20240020948. EFFICIENTFORMER VISION TRANSFORMER simplified abstract (Unknown Organization)

From WikiPatents
Jump to navigation Jump to search

EFFICIENTFORMER VISION TRANSFORMER

Organization Name

Unknown Organization

Inventor(s)

Jian Ren of Hermosa Beach CA (US)

Yang Wen of San Jose CA (US)

Ju Hu of Los Angeles CA (US)

Georgios Evangelidis of Wien (AT)

Sergey Tulyakov of Santa Monica CA (US)

Yanyu Li of Malden MA (US)

Geng Yuan of Medford MA (US)

EFFICIENTFORMER VISION TRANSFORMER - A simplified explanation of the abstract

This abstract first appeared for US patent application 20240020948 titled 'EFFICIENTFORMER VISION TRANSFORMER

Simplified Explanation

The abstract describes a vision transformer network designed for mobile devices, specifically smart eyewear devices and augmented reality (AR) and virtual reality (VR) devices. The network processes input images using a convolution stem and includes multiple stages of metablocks (MBs) and token mixers. The MB stages have different layer configurations and include a multi-head self-attention (MHSA) processing block.
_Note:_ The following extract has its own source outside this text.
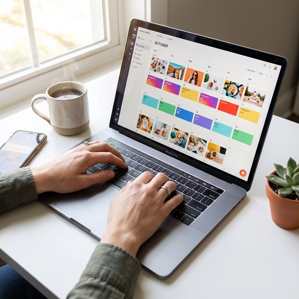 Visual consistency that people recognize instantly. Your colors, fonts, and imagery should feel cohesive whether someone sees your Instagram story or LinkedIn post. This doesn't mean everything looks identical, but there's a thread connecting it all.

  • The vision transformer network is optimized for low latency and can be used on mobile devices like smart eyewear and AR/VR devices.
  • The network starts with a convolution stem that embeds the input image.
  • The network consists of two stacks of stages: the first stack includes at least two stages of 4D metablocks (MBs), and the second stack includes at least two stages of 3D MBs.
  • Each MB stage and each MB within the stages have different layer configurations.
  • Each MB stage and each MB within the stages include a token mixer.
  • The MB stages also include a multi-head self-attention (MHSA) processing block.

Potential Applications:

  • Mobile devices: The vision transformer network can be used in smart eyewear devices and AR/VR devices, enabling real-time image processing and analysis on these devices.
  • Augmented Reality: The network can enhance AR experiences by providing efficient and accurate image processing capabilities on mobile devices.
  • Virtual Reality: The network can improve VR experiences by enabling low-latency image processing on mobile devices, enhancing the realism and interactivity of virtual environments.

Problems Solved:

  • Latency: The vision transformer network is designed to have extremely low latency, addressing the challenge of real-time image processing on mobile devices.
  • Mobile Device Compatibility: By optimizing the network for mobile devices, the technology solves the problem of resource-intensive image processing on devices with limited computational power and battery life.

Benefits:

  • Low Latency: The network's design ensures minimal delay in processing input images, enabling real-time applications on mobile devices.
  • Mobile Device Compatibility: The network is specifically tailored for mobile devices, making it usable on smart eyewear devices and AR/VR devices without compromising performance.
  • Enhanced AR/VR Experiences: By providing efficient image processing capabilities, the network improves the quality and interactivity of AR and VR experiences on mobile devices.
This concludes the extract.